How to authenticate using basic authentication in wget

Authenticated downloads are common on private package feeds, internal artifact stores, and license-restricted mirrors where access is tied to specific accounts. Automation still needs access to those resources, and configuring wget for Basic Authentication allows scheduled jobs and scripts to fetch protected files without manual intervention.

On HTTP and HTTPS endpoints, wget implements Basic Authentication by attaching a user name and password to the request, typically in the Authorization header and protected in transit by TLS when HTTPS is used. The same credential flags drive logins for FTP targets, so a single command-line pattern can handle web and FTP servers alike, whether credentials are provided directly, prompted interactively, or read from configuration files.

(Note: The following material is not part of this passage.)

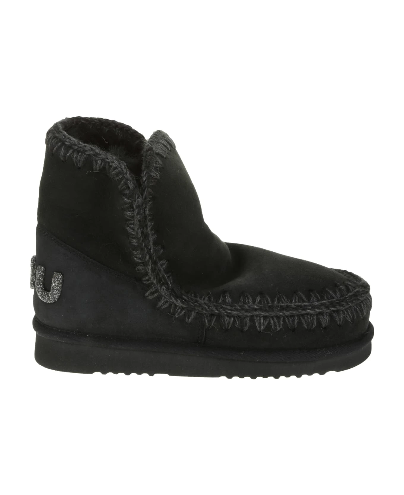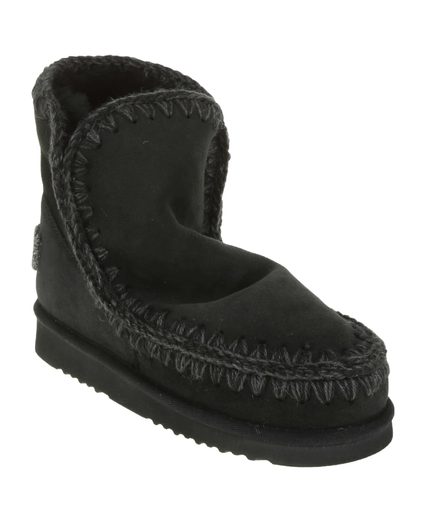 Mou Black suede boot, sheepskin interior, external stitching, glitter logo on the back, eva rubber sole.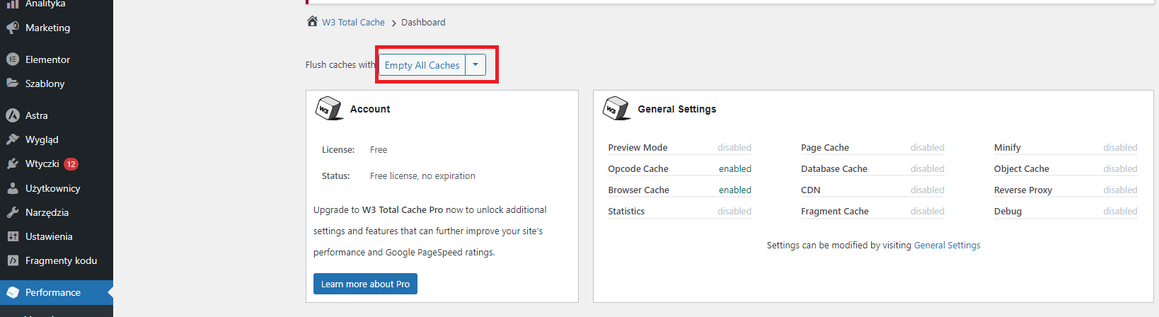 Czyszczenie pamięci Cache WordPress – W3 Total Cache

Because Basic Authentication relies on easily decoded base64 strings before encryption is applied, careless handling can leak secrets through shell history, process listings, or world-readable configuration files. Safer patterns rely on interactive prompts, locked-down /home/user/.wgetrc files, and short‑lived shell variables instead of hard-coding passwords into long‑lived scripts. The procedure below focuses on Linux and favors approaches that minimize credential exposure while still supporting fully unattended downloads.

Steps to authenticate using basic authentication in wget:

Open a terminal on Linux where wget is installed.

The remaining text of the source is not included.